Mediator Qatar said Tuesday it was “hopeful” a new truce between Israel and Hamas could be secured within days, after US President Joe Biden said a ceasefire could start next week and last through Ramadan.
As a dire humanitarian crisis unfolds in the war-battered Gaza Strip, the United Nations humanitarian agency OCHA and the United States separately called to ensure aid reaches the many Palestinians in need.
In the protracted bid to broker a ceasefire nearly five months into the devastating war, Egyptian, Qatari and US mediators have been putting proposals to the parties.
Negotiators are seeking a six-week halt to the fighting and the release of Israeli hostages held in Gaza since Hamas’s October 7 attack on southern Israel sparked the war.
Several hundred Palestinian detainees held by Israel may also be released under the deal, media reports suggest.
“My hope is by next Monday we’ll have a ceasefire” but “we’re not done yet”, Biden said.
Qatar’s emir, Sheikh Tamim bin Hamad Al-Thani — whose country hosts Hamas’s political leadership and helped broker a one-week truce in November — met in Paris with French President Emmanuel Macron.
Qatari foreign ministry spokesman Majed al-Ansari said Doha was “hopeful, not necessarily optimistic, that we can announce something” before Thursday.
“We are going to push for a pause before the beginning of Ramadan”, the Muslim fasting month which starts on March 10 or 11, depending on the lunar calendar, Ansari said.
“We are all aiming towards that target, but the situation is still fluid on the ground.”
There has been huge international pressure for Israel to hold off on sending troops into Rafah, where nearly 1.5 million Palestinian civilians have sought refuge.
Israeli Prime Minister Benjamin Netanyahu has stressed that any truce would delay, not prevent, a ground invasion of Rafah in Gaza’s far south, which he said was necessary to achieve “total victory” over Hamas.
‘Nothing but dust’
Israel’s military campaign has killed at least 29,878 people in Gaza, mostly women and children, according to the territory’s health ministry.
Cairo’s Foreign Minister Sameh Shoukry warned that any assault on Rafah, a key entry point for aid on Gaza’s border with Egypt, “would have catastrophic repercussions” across the region.
Ahead of the threatened ground incursion, the area has been hit repeatedly by Israeli air strikes.
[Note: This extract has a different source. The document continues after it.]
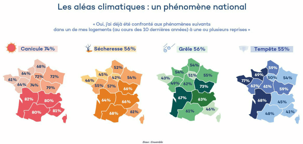 -Au cours des 10 dernières années, 86 % des Français ont été confrontés au moins une fois à un aléa climatique ayant touché leur domicile. Ils citent essentiellement : la canicule (74 %), la sécheresse ou la grêle (56 %), la tempête (55 %), la vague de froid (48 %) et l’inondation pluviale ou fluviale (33 %).

Abu Khaled Zatmeh, whose nephews were killed in bombardment in Rafah, said the family was “preparing food and getting ready to eat when the strike occurred, and three floors collapsed suddenly”.
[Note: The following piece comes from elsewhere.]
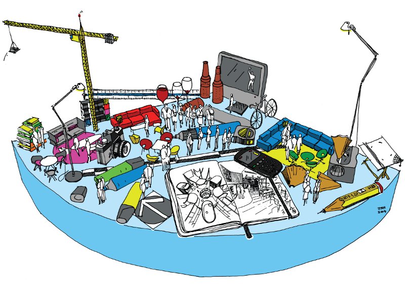 A year of design gets us face to face with a wealth of people, from clients and construction teams through to account holders, competitors and the public - all of which is essential to coordinate, deliver and remain inspired. This illustration depicts what the upcoming year could look like: the variety of industry collaboration we might be part of and the tools that will aid this.

“People began pulling out the martyrs, all of whom were my nephews,” he told AFP.
He said there were “no more” basic supplies in the besieged territory, adding that “even if they allow people to return to the north, there are no houses left — nothing but dust”.
Meanwhile in northern Gaza, desperate Palestinians have scavenged for food, with many people eating animal fodder and even leaves.
“I have not eaten for two days,” said Mahmud Khodr, a resident of Jabalia refugee camp in the north, where children roamed with empty pots in search of food.
“There is nothing to eat or drink.”
Aid ‘under fire’
Most aid trucks have been halted, but foreign armies have air dropped supplies including on Tuesday over Rafah and Gaza’s main southern city Khan Yunis.
OCHA spokesman Jens Laerke said aid convoys headed for northern Gaza “have come under fire and are systematically denied access to people in need”.
The main UN aid agency for Palestinians, UNRWA, said humanitarian relief entering Gaza has halved in February from the previous month, with the latest aid convoy allowed into the north on January 23.
The US Agency for International Development announced another $53 million in humanitarian assistance for Palestinians, with its head Samantha Power saying aid “has to reach people in need”.
Humanitarian workers on the ground “have to be protected”, she said on a visit to Jordan.
Along Israel’s northern border with Lebanon, which has seen near-daily exchanges of fire between Israeli forces and Hamas ally Hezbollah, UN peacekeepers reported “an expansion and intensification of strikes”.
As fierce hostilities continued Tuesday a day after a rare Israeli strike in eastern Lebanon, far from the border, UNIFIL urged deescalation to “leave space to a political and diplomatic solution”.
Violence has also surged in the occupied West Bank, where Israeli troops killed three Palestinians in an overnight raid on the Faraa refugee camp.